Judge at the European Court of Human Rights
- Incumbent
- Assumed office 2021
- Succeeded by: Helen Keller

Federal Judge of Switzerland
- In office 2003–2021

Personal details
- Born: Andreas Zünd 8 February 1957 (age 69) St. Gallen, Switzerland
- Citizenship: Swiss
- Party: Social Democratic Party of Switzerland

= Andreas Zünd =

Swiss jurist and judge at the European Court of Human Rights

Andreas Zünd (born 8 February 1957) is a Swiss jurist who has served as a judge at the European Court of Human Rights since 2021.

== Education ==
Zünd studied law at the University of Bern from where he obtained a licentiate in 1982 and doctorate in 1986.

== Professional career ==
After graduation he became a court clerk at the Higher Court of Argovia for a year before he assumed the same duty at the Swiss Federal Court in Lausanne between 1987 until 1996. Besides he acted as the substitute judge for the high court in Argovia between 1987 and 2002 before he assumed as an ordinary Judge at the same court from 2002 to 2004. Concordantly he also acted as a part-time judge at the Federal Court of Switzerland from 1996 to 2004 before he was elected a Federal Judge in Dezember 2003 as the successor of Martin Schubarth.
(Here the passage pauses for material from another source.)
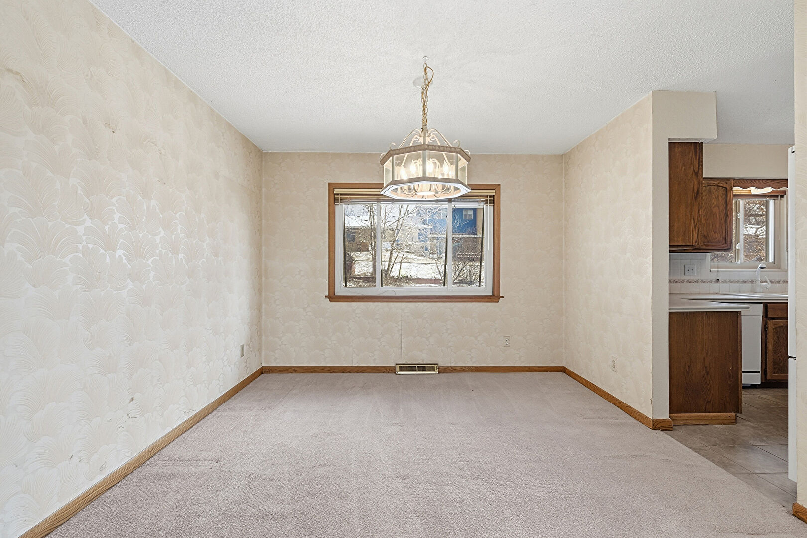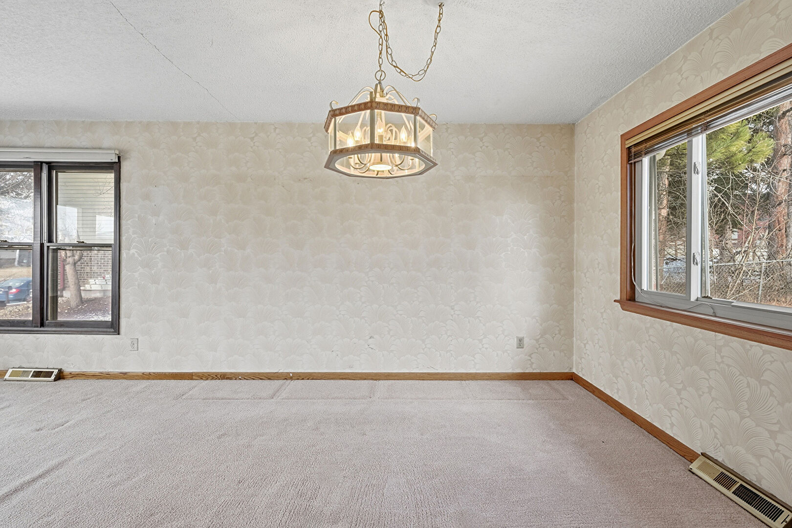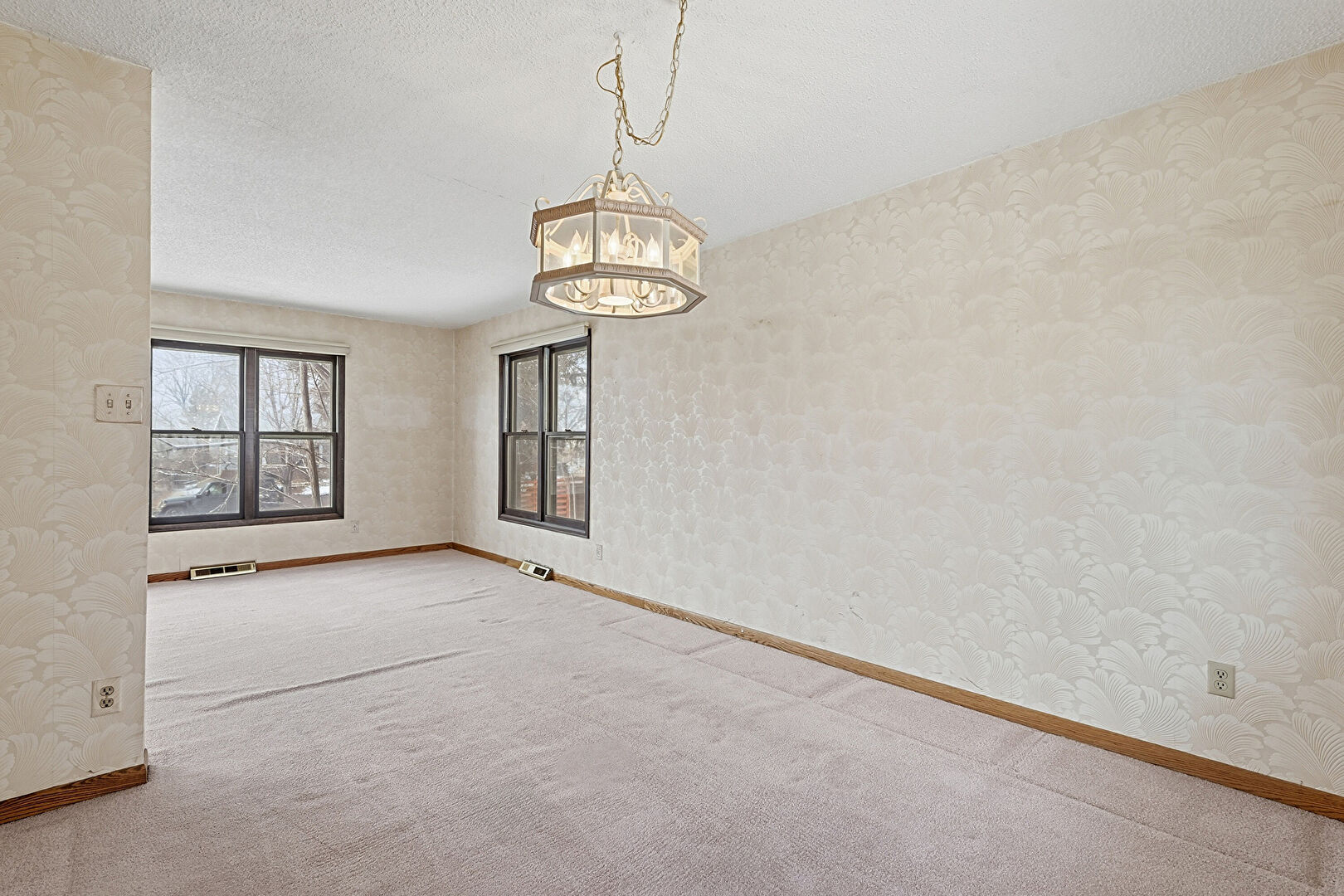 Baseboards Wall, Carpet, Natural Light, Notable Chandelier, Textured Ceiling, Textured Wall, Vent, Wallpaper Wall, Carpet, Natural Light, Notable Chandelier, Wallpaper Wall

=== Federal Judge of Switzerland ===
As a Swiss Federal Judge he was involved in several notable cases of public law like the transfer of date from thousands of UBS bank account holders to the French authorities. In Switzerland judges are members of a political party for which Switzerland was often criticized by the Council of Europe. He is a member of the left-wing Social Democratic Party of Switzerland (SP).

=== Judge at the European Court of Human Rights ===
In January 2021 he was elected a Judge of the European Court of Human Rights by the Parliamentary Assembly of the Council of Europe(PACE). He is the sixth judge representing Switzerland at the ECHR and only the second Swiss Federal judge to assumed as a judge at the ECHR.